◆ Task instructions ◆
Omit all images, then repeat exactly the lines below from the one containing "先日、ホームのロビーにて「ひな人形」の飾り付けを行いました🎎✨" through the one containing "I followed this", both ends included.

◆ Supplied records ◆
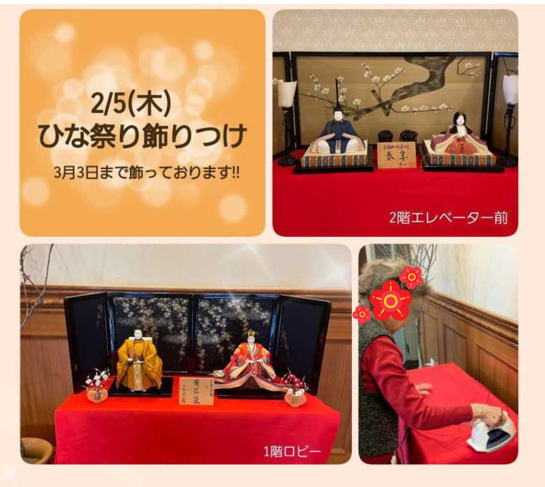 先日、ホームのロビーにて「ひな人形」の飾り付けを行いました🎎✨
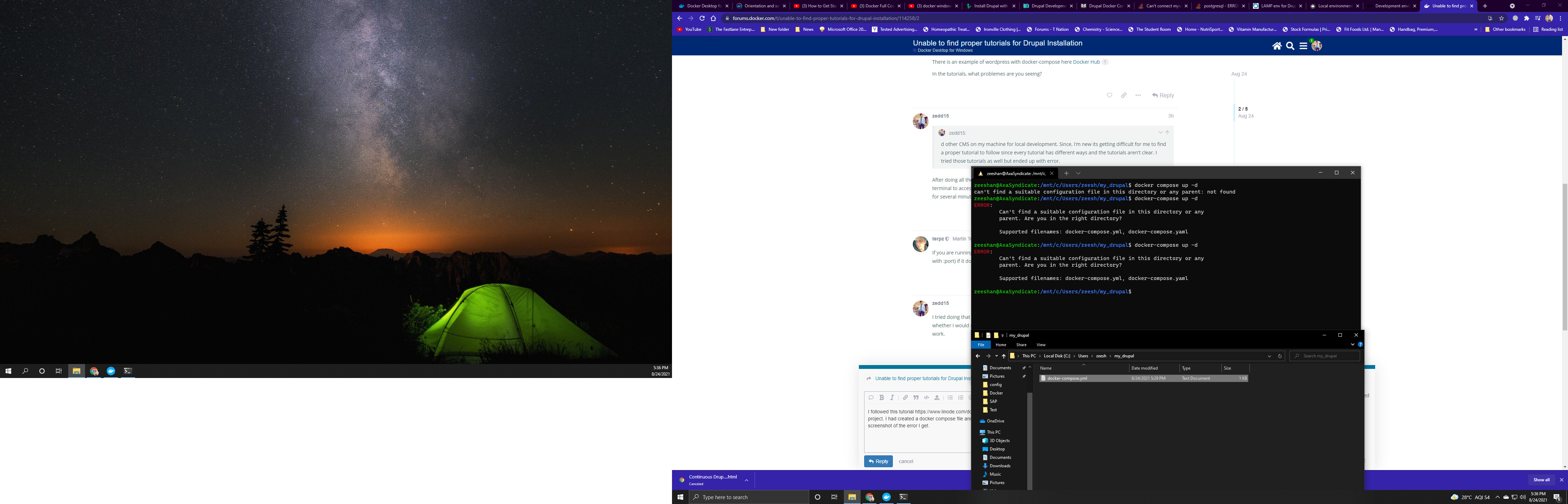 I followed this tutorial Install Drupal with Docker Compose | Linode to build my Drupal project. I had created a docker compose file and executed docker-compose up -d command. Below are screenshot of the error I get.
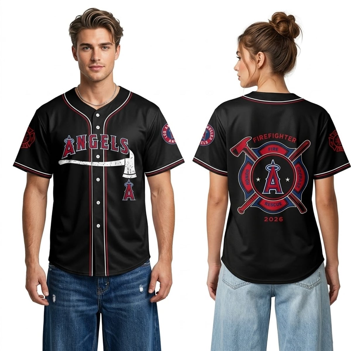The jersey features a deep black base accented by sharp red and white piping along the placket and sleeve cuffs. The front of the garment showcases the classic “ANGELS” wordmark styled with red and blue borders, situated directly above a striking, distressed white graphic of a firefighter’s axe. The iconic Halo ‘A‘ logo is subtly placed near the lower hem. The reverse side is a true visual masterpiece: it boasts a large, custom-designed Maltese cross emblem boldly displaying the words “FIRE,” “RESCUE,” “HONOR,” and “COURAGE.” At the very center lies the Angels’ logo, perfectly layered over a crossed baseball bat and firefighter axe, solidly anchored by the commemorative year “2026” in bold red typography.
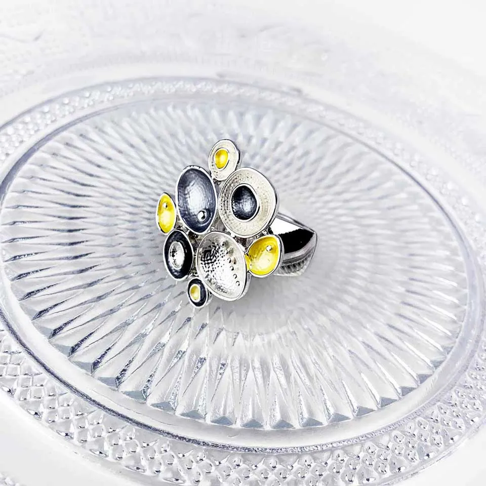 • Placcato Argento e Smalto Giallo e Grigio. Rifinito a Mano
==
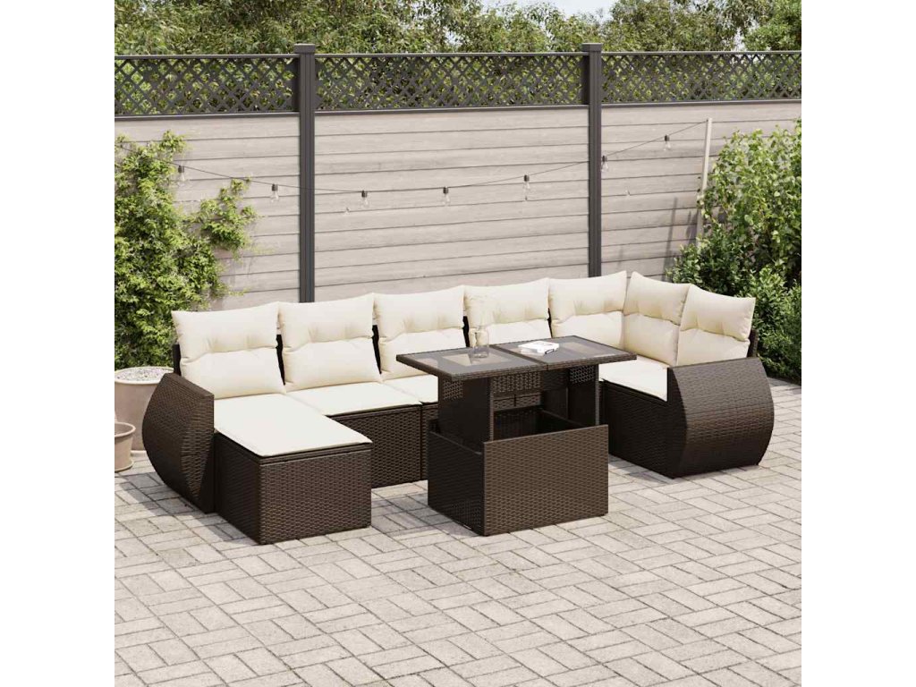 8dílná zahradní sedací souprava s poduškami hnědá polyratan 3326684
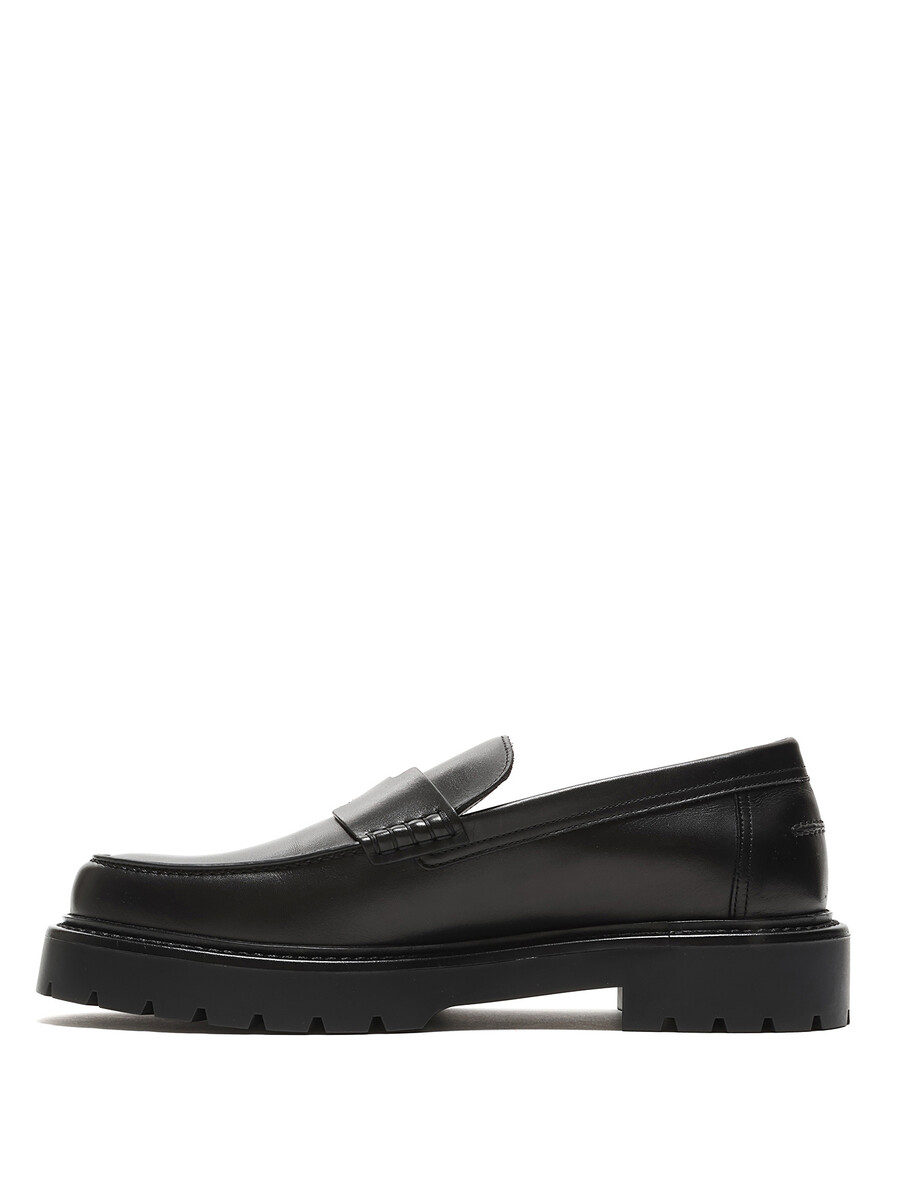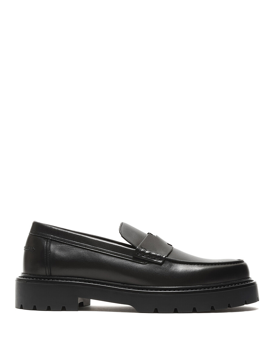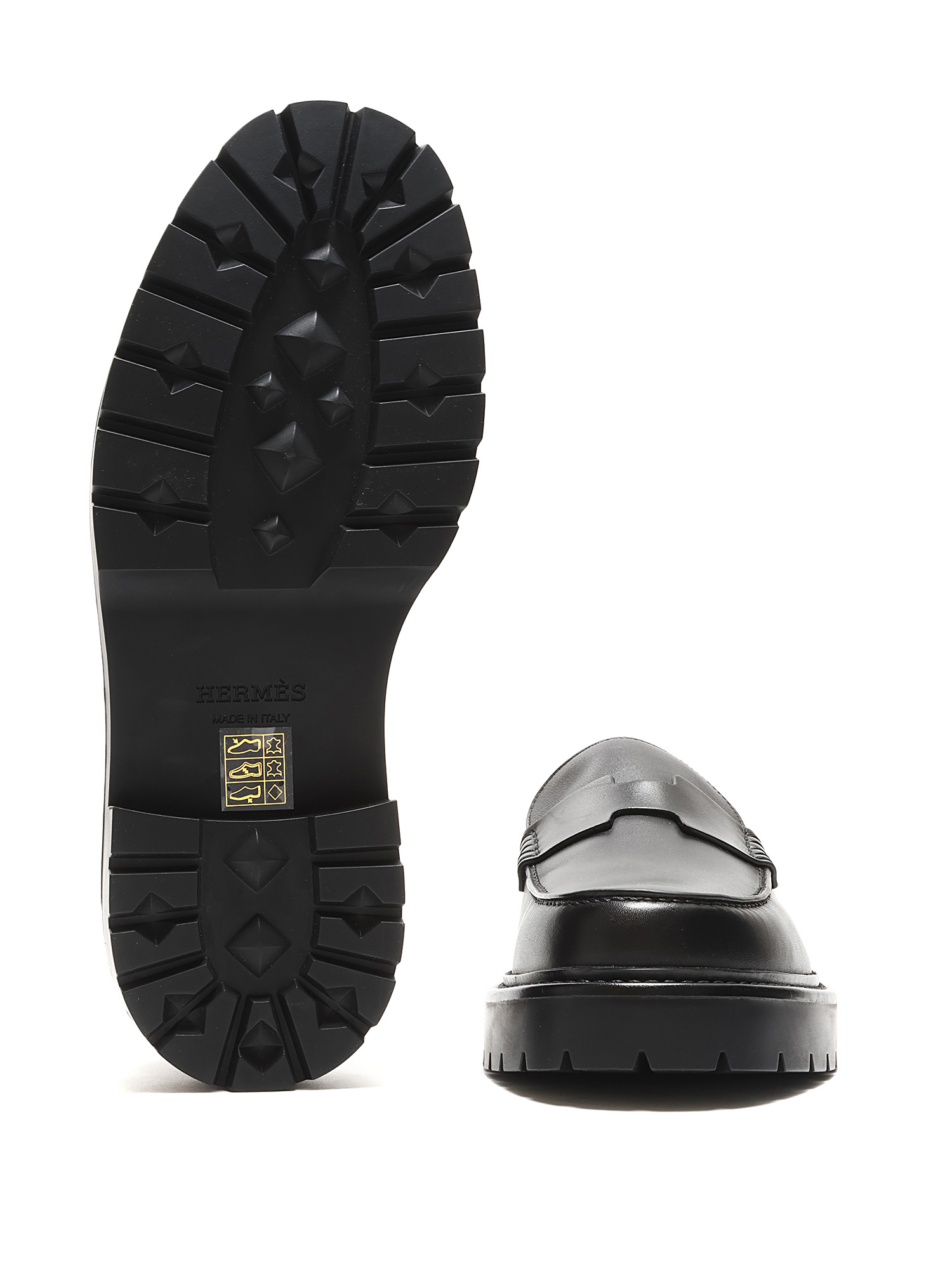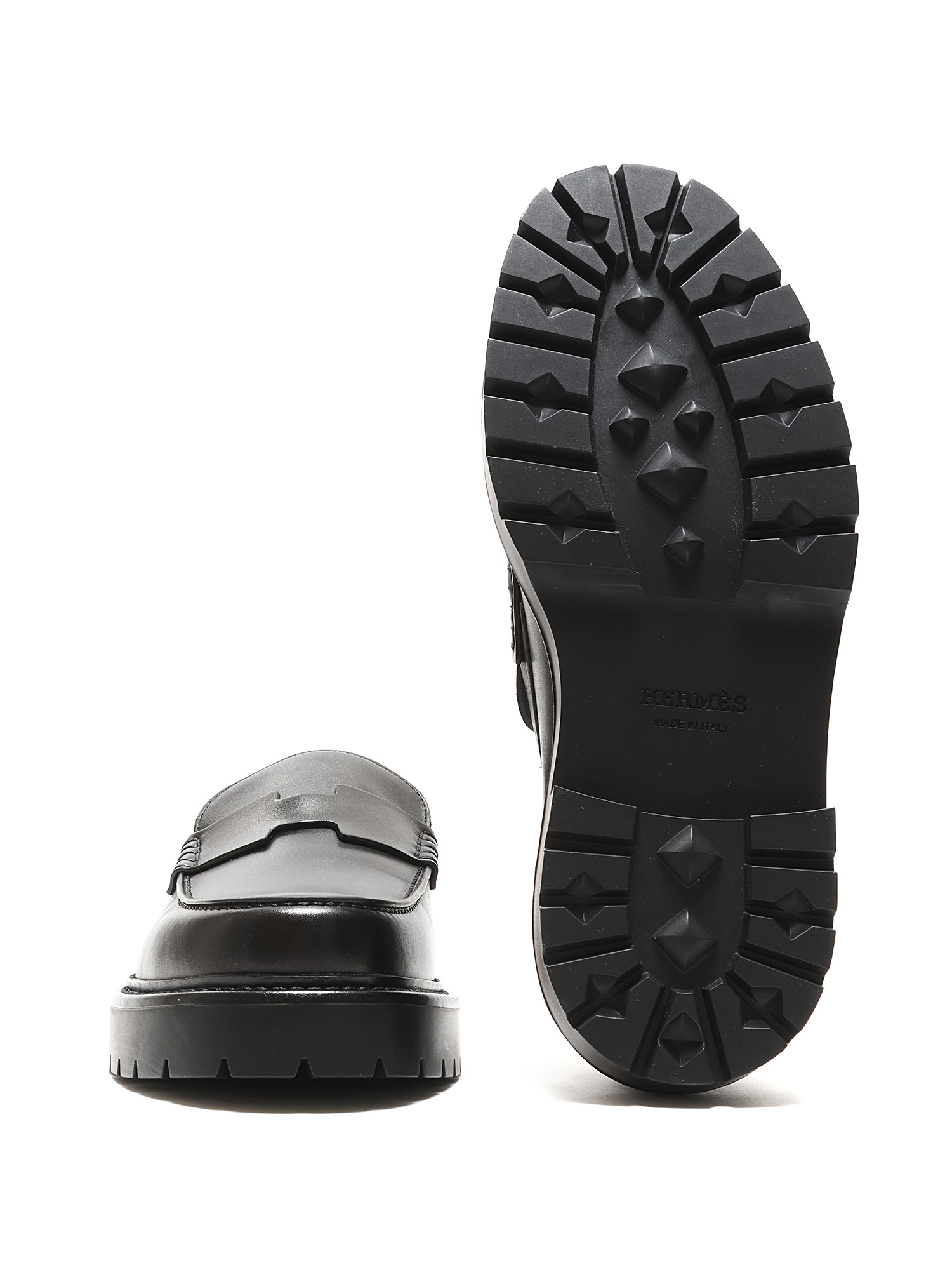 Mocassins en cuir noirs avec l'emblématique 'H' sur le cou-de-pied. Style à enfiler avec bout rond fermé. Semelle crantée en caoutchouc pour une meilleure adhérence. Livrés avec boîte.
---
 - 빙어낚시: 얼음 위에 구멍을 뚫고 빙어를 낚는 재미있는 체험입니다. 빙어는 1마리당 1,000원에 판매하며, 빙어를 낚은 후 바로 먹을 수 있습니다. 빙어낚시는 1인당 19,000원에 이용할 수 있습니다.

◆ Exercise answer ◆
 先日、ホームのロビーにて「ひな人形」の飾り付けを行いました🎎✨
 I followed this tutorial Install Drupal with Docker Compose | Linode to build my Drupal project. I had created a docker compose file and executed docker-compose up -d command. Below are screenshot of the error I get.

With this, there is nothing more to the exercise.